[Bug] URL Domain Extractor does not recognize TLD and breaks for Upper Case

Hi,

while doing some research I happen to notice that the URL Domain Extract struggles to extract domains in the following cases:

  1. UPPER-CASE.COM
  2. domain.co.ke or domain.com.mm

PS: Domains consisting of IPs is kind of an edge case which I have not included but it’s apparently not working either.

Best
Mike

Hi Mike,

Thanks for bringing that to my attention. I’m aware of some other issues with the node already, which we’ll address together with this one in an upcoming update.

–Philipp

2 Likes

This is addressed in the Palladian Nodes v2.6 update. More details here.

Thanks Phillip,

and apologize for my delayed response. Family got sick and I had some urgent work items to address. Comparing the results they have significantly improved but there also some minor regressions present it seems.

Simple Test shows fixes

Minor Regressions

Minor regressions in this CSV (gzip in my Google Drive due to upload restrictions).

Best
Mike

Thanks for the feedback. I’ll have a look at the regressions after holiday.
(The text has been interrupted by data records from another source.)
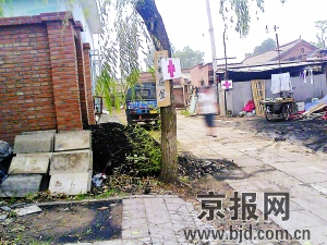 在金盞南村,一處窄小巷口路邊掛著一塊畫(huà)著紅色十字標(biāo)志的硬紙殼牌子,與村子里其他地方掛著的“高價(jià)收廢品”牌子相比,這塊牌子似乎更加低調(diào),連個(gè)漢字都沒(méi)有。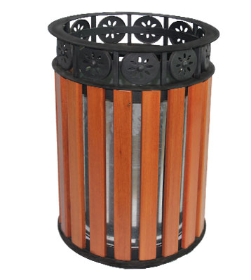 公園花邊鋼木垃圾桶產(chǎn)品展示圖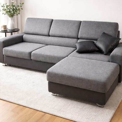 3-sits soffa med tygklädsel. Soffan görs enkelt om till en säng. Sittdynor med pocketfjädrar och skumstoppning. Ryggdynor i skum. Med förvaring. Kan spegelvändas. Sovyta 149x195 cm. B244 x H86 x D89/163 cm

In the meantime, get well :slight_smile:

Best,
Philipp

1 Like

Hi @mwiegand,

Hope you’ve recovered well!

Again thanks for the detailed list. I’m currently trying to figure out if there’s any issues to fix. Could you clarify about the following cases:

  1. There’s missing values in the last three columns e.g. for .um resp. HTTPS://SUB-DOMAIN.DOMAIN.UM. Does this mean they are not extracted correctly for you using the updated version?

  2. There’s rows which have missing values for the first three columns (e.g. .edu.al resp. https://domain.edu.al). Does this mean that it was not extracted properly before, but now works with 2.6?

  3. Generally, the first three columns in the CSV resemble results pre-2.6, and the last three the results of 2.6 – is this correct?

Many thanks!
Philipp

This topic was automatically closed 90 days after the last reply. New replies are no longer allowed.